Archive for the ‘Abertura-Opening-はじめに’ Category

20 De Outubro
Pois esta é a vontade de Deus, a vossa santificação“, 1 Tes.4.3

A questão não é se Deus me quer santificar, mas, acima de tudo, se sou eu quem quer ser santo e santificado. Estarei disposto a deixar que Deus opere em mim tudo o que ele realizou através da expiação e ainda está ao meu dispor durante um certo tempo? Estarei disposto a deixar que Jesus Cristo se torne a minha santificação, (1Cor.1.30) e que a vida dele se manifeste em meu corpo mortal aqui e agora ainda? Tenha cuidado para não andar por aí afirmando: “Como estou ansioso por ser santificado!” Por certo não está. Pare de desejar e passe à acção directa com Deus.
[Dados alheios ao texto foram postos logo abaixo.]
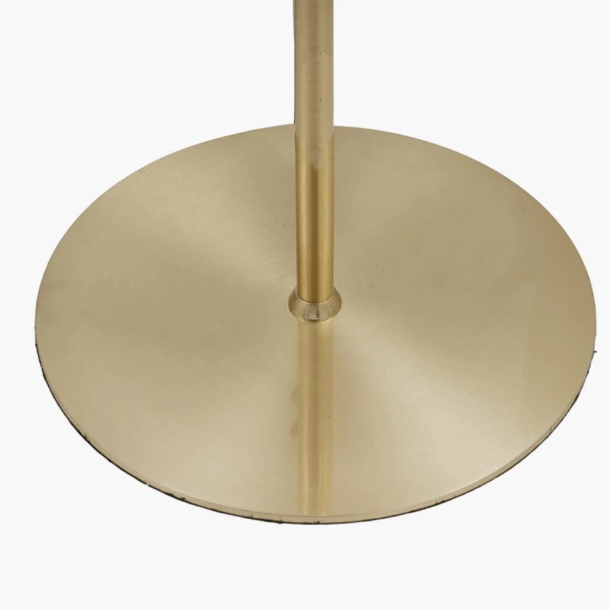 Gulvlampe i børstet messing med kupler i matt opalt glass. Bordlampe finnes i samme serien.

Receba a Jesus num acto de fé resoluto, para que ele se torne santificação dentro de si também e a grande maravilha da expiação de Jesus também se tornará real na esfera de toda a sua vida.

Tudo quanto Jesus nos oferece pela sua morte torna-se nosso como um dom gratuito e amoroso da parte de Deus para mim. Minha atitude como pessoa salva e santificada é a de uma santidade profunda, incondicional e humilde (santidade orgulhosa é coisa que não existe) – uma santidade baseada num arrependimento profundo e honesto, num sentido de inexprimível vergonha e degradação quando passei sem ele; e, também, na maravilhosa compreensão de que Deus provou para comigo em seu amor através do facto de que, mesmo sabendo que eu não me importava absolutamente nada com ele, tudo fez pela minha salvação e santificação ainda assim, Rom.5.8. Não será de admirar que Paulo diga que “nada nos poderá separar do amor de Deus, que está em Cristo Jesus nosso Senhor”, Rom.8:39.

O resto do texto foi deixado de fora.